Data collection is now moving beyond the point-in-time surveys, advocates said, which don’t do a great job of capturing housing instability and homelessness in rural areas. Agencies, departments and nonprofits meet regularly to share information.
“It’s something on every single agenda for every monthly shelter meeting,” Daku said.
NETWORKS OF SUPPORT
Western Maine Community Action’s Family and Health Services, which launched in 2021 in part to address the gap in services created when the WMHO shelter closed, is now a primary point of contact for many experiencing homelessness in the region. Coyne, the program’s director, said WMCA works with roughly 50 individuals or families a month who are facing homelessness or housing instability.
The group pairs people with a navigator who works with them for a year or two in a variety of ways: communicating with landlords and utility companies, as well as helping acquire vouchers and budgeting, among other things.
“The navigator support is essential,” Coyne said. “We need shelters, we need affordable housing, but we also need navigators to help people go through this.”
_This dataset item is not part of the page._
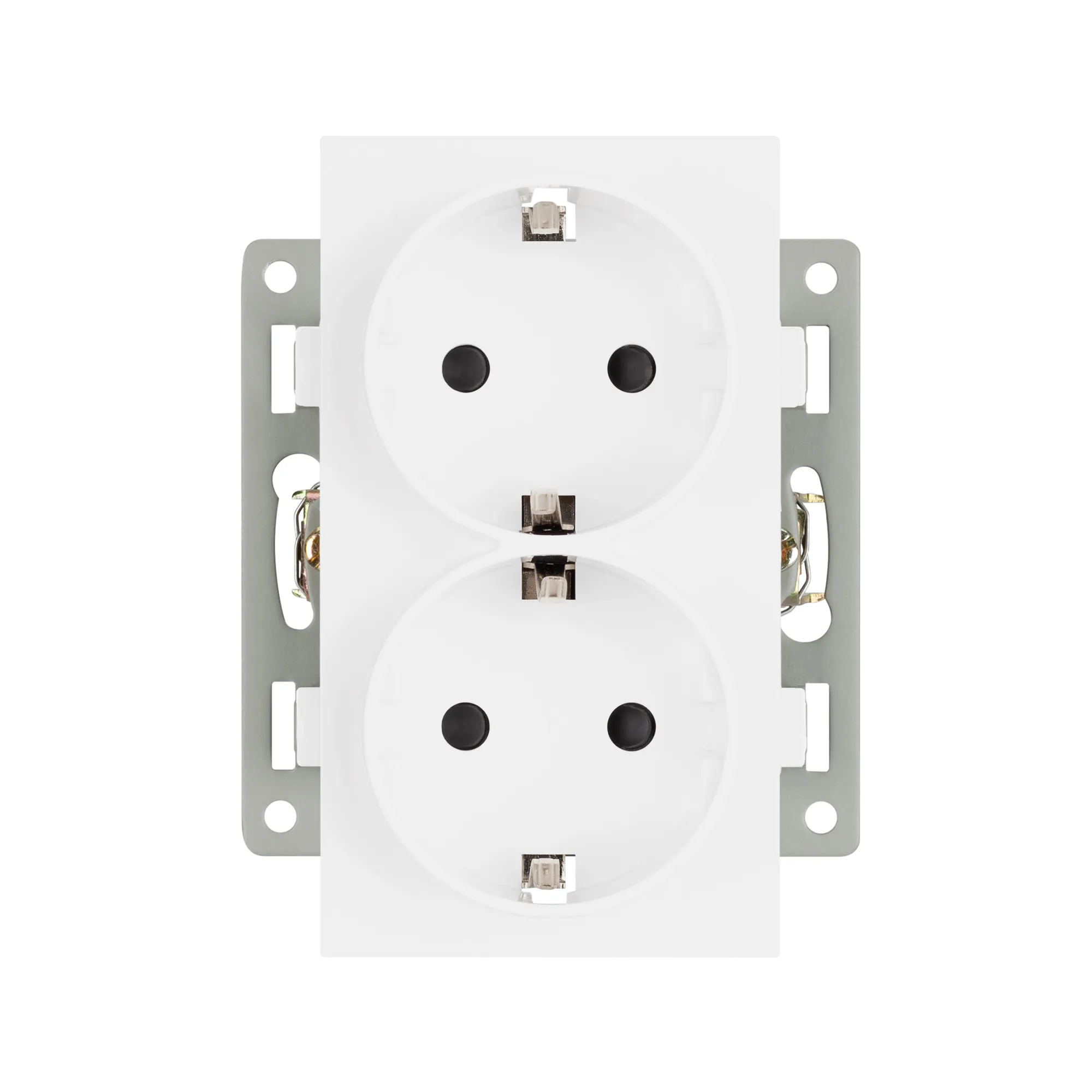 Механизм розетки вертикальный, с заземлением на 2 поста и с суппортом из алюминия. Цвет - белый. Степень пылевлагозащиты - IP20.

Another western Maine resource is the Rural Community Action Ministry in Leeds, which operates in 14 towns in Androscoggin, Kennebec and Oxford counties. Crystal Hatch, who coordinates the group’s shelter services, said her goal is to find families permanent housing, using “anything and everything.”
If Hatch can’t place a family immediately, RCAM maintains a duplex and an apartment as transitional housing. RCAM houses between four to six families at their shelter facilities in a year, and also has a close working relationship with Rumford Group Homes, a nonprofit that maintains shelters in Leeds, Norway and Rumford.
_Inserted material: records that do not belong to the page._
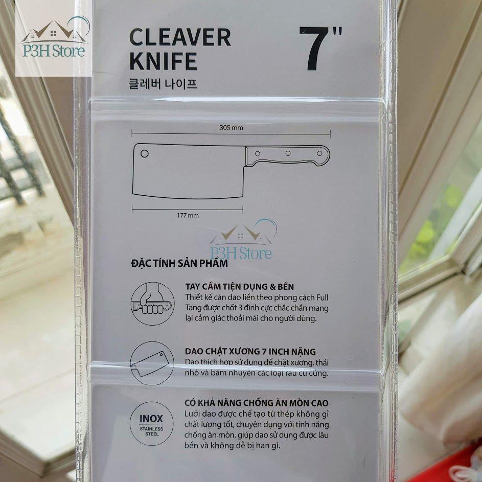 - Kích thước: lưỡi: 24cm, cán: 13cm, rộng: 10cm, dầy: 0,5, trọng lượng: 700g - 900g - Chức năng: sử dụng chuyên chặt xương ống, xưởng thủ, chân giò,xương bò Là sản phẩm được yêu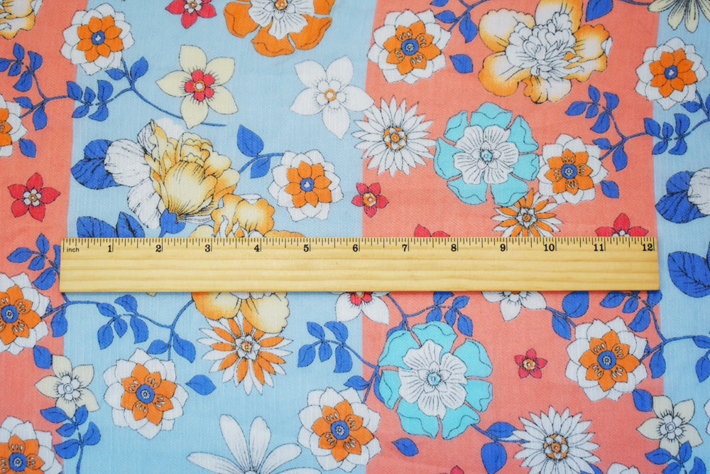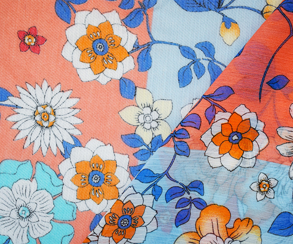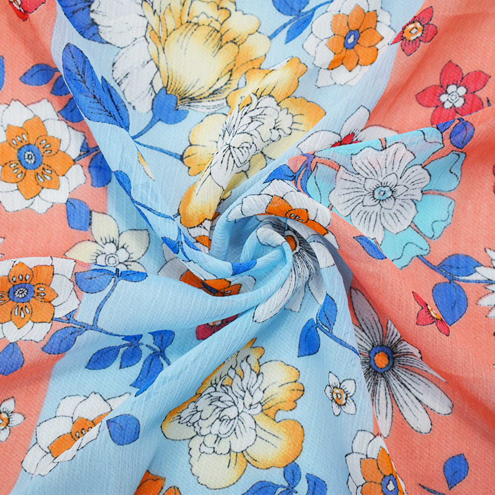 Light Blue-Orange-Multi Poly Floral Printed Yoryu Chiffon Woven Fabric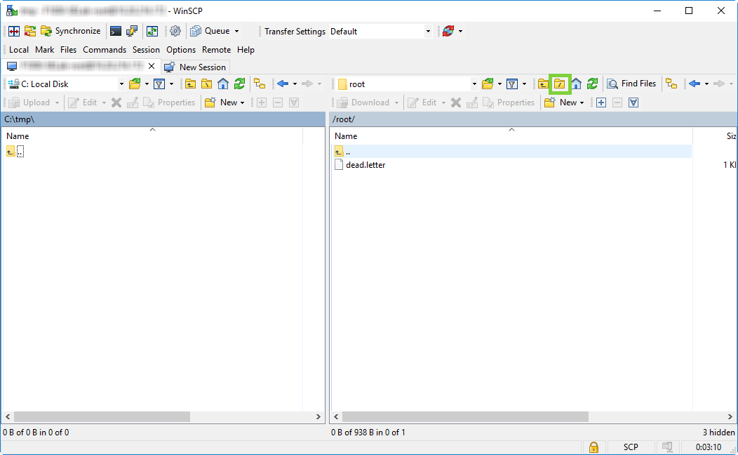 In the right pane of the WinSCP screen, click root directory to access to the root-level directory folder.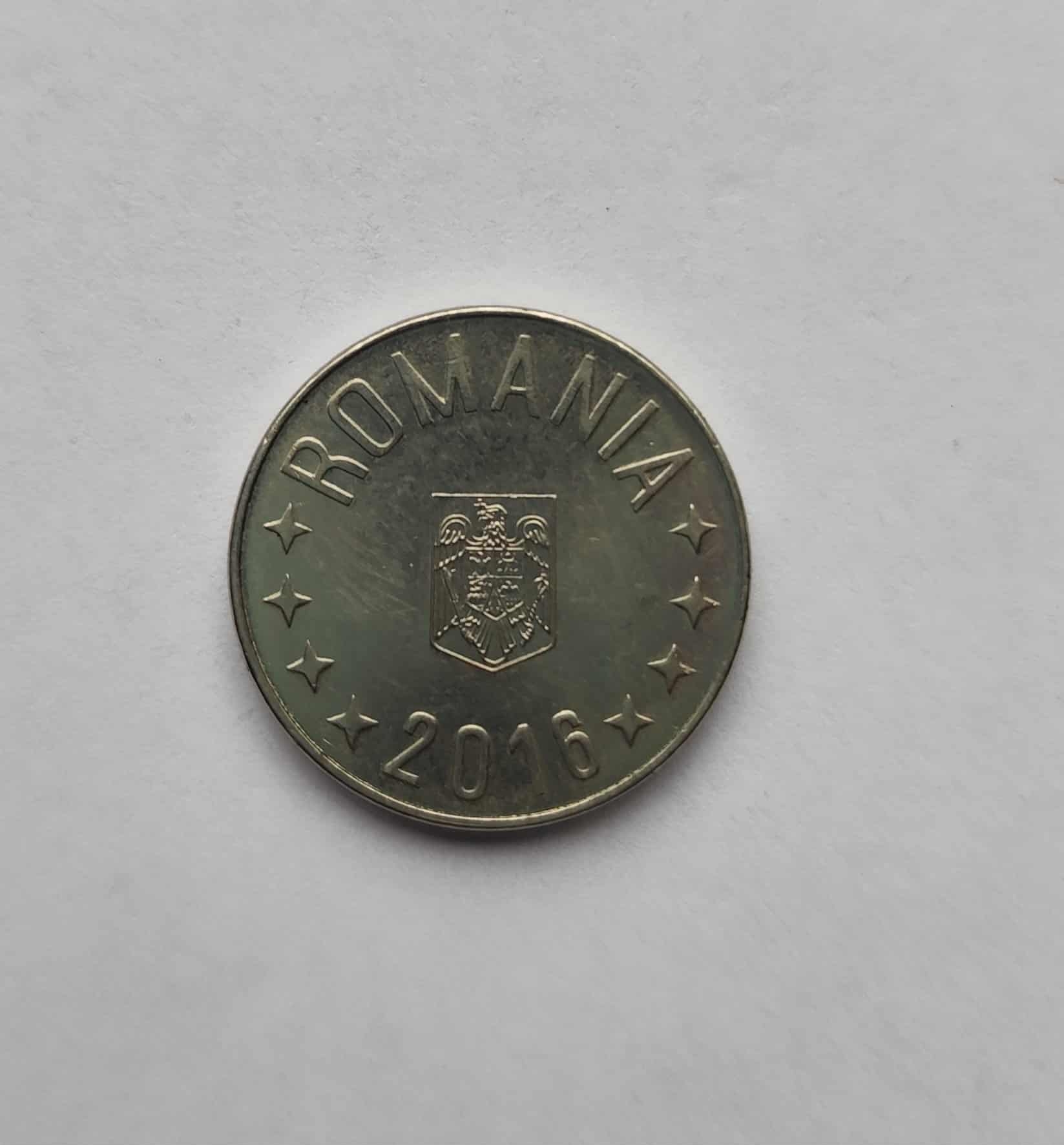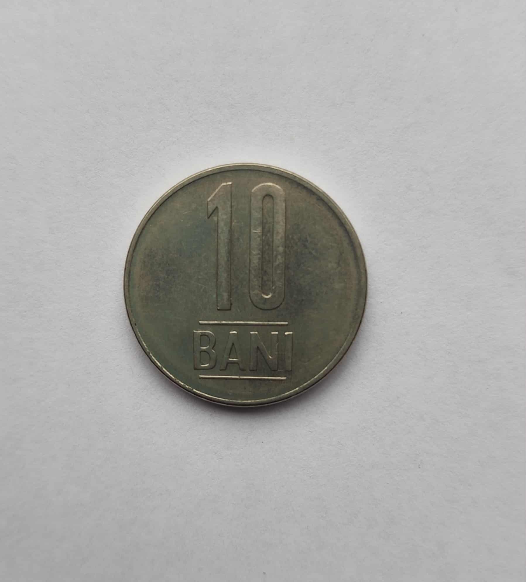 Moneda de formă circulară cu muchia netedă și valoarea nominală de 10 bani din România. Reversul monedei are pe circumferința superioară inscripționat cu majuscule numele țării emitente: ROMANIA. În centru se află Stema României, reprezentând acvila (vulturul) cruciată, având în cioc o cruce și ținând în gheare un sceptru și o spadă. Sub stemă este marcat anul emiterii monedei: 2016. Circumferențial în jurul stemei și a anului sunt distribuite un număr de 12 stele, simbolizând Uniunea Europeană și aspirațiile europene ale României. Pe aversul monedei valoarea nominală în partea superioară este inscripționată cu cifra mare 10.

Hatch works with a network of landlords to find space for her families, but pandemic-era rent freezes and eviction moratoriums have complicated placements, she said. Many landlords raised rates after the pandemic to cover their losses, or have simply refused to participate in subsidized housing programs.
“It’s so much harder now,” Hatch said.
Students in the school system that lack secure housing are seen by the district’s federally funded McKinney-Vento liaison. In Regional School Unit 9, the liaison is Amanda Clark, a social worker and the district’s family engagement and support coordinator.
At the end of the last school year, Clark was working with roughly 50 students: In some cases families were displaced by a traumatic event, like a fire; in others they were in danger of losing their housing due to eviction or power getting shut off. Some older students were couch-surfing with friends or relatives. Through a new state pilot program, students at risk of homelessness are eligible for up to $750 in assistance per year.
In some cases, Clark said she talks with landlords or Central Maine Power to prevent families from losing access to utilities. In others she connects students with resources like Maine Behavioral Health or Good Shepherd Food Bank. Beyond shelter, Clark also works to get students things like food, clothing and shoes – sneakers for sports are a common request from older kids.
Clark said she has had luck working with landlords, utilities and businesses once they realize there’s a problem.
“I think this community wants to help,” Clark said. “Housing instability can happen to anybody.”